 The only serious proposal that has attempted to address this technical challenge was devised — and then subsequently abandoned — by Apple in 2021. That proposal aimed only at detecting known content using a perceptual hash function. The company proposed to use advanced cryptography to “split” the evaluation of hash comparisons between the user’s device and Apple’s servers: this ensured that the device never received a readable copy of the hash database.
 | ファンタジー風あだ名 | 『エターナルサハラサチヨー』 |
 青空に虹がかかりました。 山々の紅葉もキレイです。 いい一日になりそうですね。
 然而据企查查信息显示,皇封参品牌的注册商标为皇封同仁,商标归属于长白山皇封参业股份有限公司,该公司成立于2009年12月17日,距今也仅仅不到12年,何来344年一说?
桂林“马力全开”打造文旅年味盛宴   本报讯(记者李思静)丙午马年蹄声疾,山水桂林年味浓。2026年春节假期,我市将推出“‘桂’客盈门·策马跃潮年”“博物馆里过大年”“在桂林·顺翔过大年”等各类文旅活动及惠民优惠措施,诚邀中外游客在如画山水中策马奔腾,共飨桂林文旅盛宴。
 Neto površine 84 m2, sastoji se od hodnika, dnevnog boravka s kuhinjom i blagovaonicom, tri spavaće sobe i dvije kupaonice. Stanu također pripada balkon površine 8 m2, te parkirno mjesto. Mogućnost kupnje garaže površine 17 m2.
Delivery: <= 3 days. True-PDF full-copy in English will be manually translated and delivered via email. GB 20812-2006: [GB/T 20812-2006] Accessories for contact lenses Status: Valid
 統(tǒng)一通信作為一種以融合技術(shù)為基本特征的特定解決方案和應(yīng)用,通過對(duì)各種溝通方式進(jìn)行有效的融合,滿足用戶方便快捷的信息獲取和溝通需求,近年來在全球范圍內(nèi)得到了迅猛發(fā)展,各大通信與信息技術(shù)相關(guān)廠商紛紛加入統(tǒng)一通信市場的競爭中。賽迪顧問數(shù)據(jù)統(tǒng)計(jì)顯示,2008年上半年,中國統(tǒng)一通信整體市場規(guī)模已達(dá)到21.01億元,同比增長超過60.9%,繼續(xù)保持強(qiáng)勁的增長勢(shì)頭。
——
**Instructions to follow**
Repeat, character for character, the lines of the material above from the line with "ファンタジー風あだ名 | 『エターナルサハラサチヨー』 |" through the line with "Delivery: <= 3".

**Reply**
 | ファンタジー風あだ名 | 『エターナルサハラサチヨー』 |
 青空に虹がかかりました。 山々の紅葉もキレイです。 いい一日になりそうですね。
 然而据企查查信息显示,皇封参品牌的注册商标为皇封同仁,商标归属于长白山皇封参业股份有限公司,该公司成立于2009年12月17日,距今也仅仅不到12年,何来344年一说?
桂林“马力全开”打造文旅年味盛宴   本报讯(记者李思静)丙午马年蹄声疾,山水桂林年味浓。2026年春节假期,我市将推出“‘桂’客盈门·策马跃潮年”“博物馆里过大年”“在桂林·顺翔过大年”等各类文旅活动及惠民优惠措施,诚邀中外游客在如画山水中策马奔腾,共飨桂林文旅盛宴。
 Neto površine 84 m2, sastoji se od hodnika, dnevnog boravka s kuhinjom i blagovaonicom, tri spavaće sobe i dvije kupaonice. Stanu također pripada balkon površine 8 m2, te parkirno mjesto. Mogućnost kupnje garaže površine 17 m2.
Delivery: <= 3 days. True-PDF full-copy in English will be manually translated and delivered via email. GB 20812-2006: [GB/T 20812-2006] Accessories for contact lenses Status: Valid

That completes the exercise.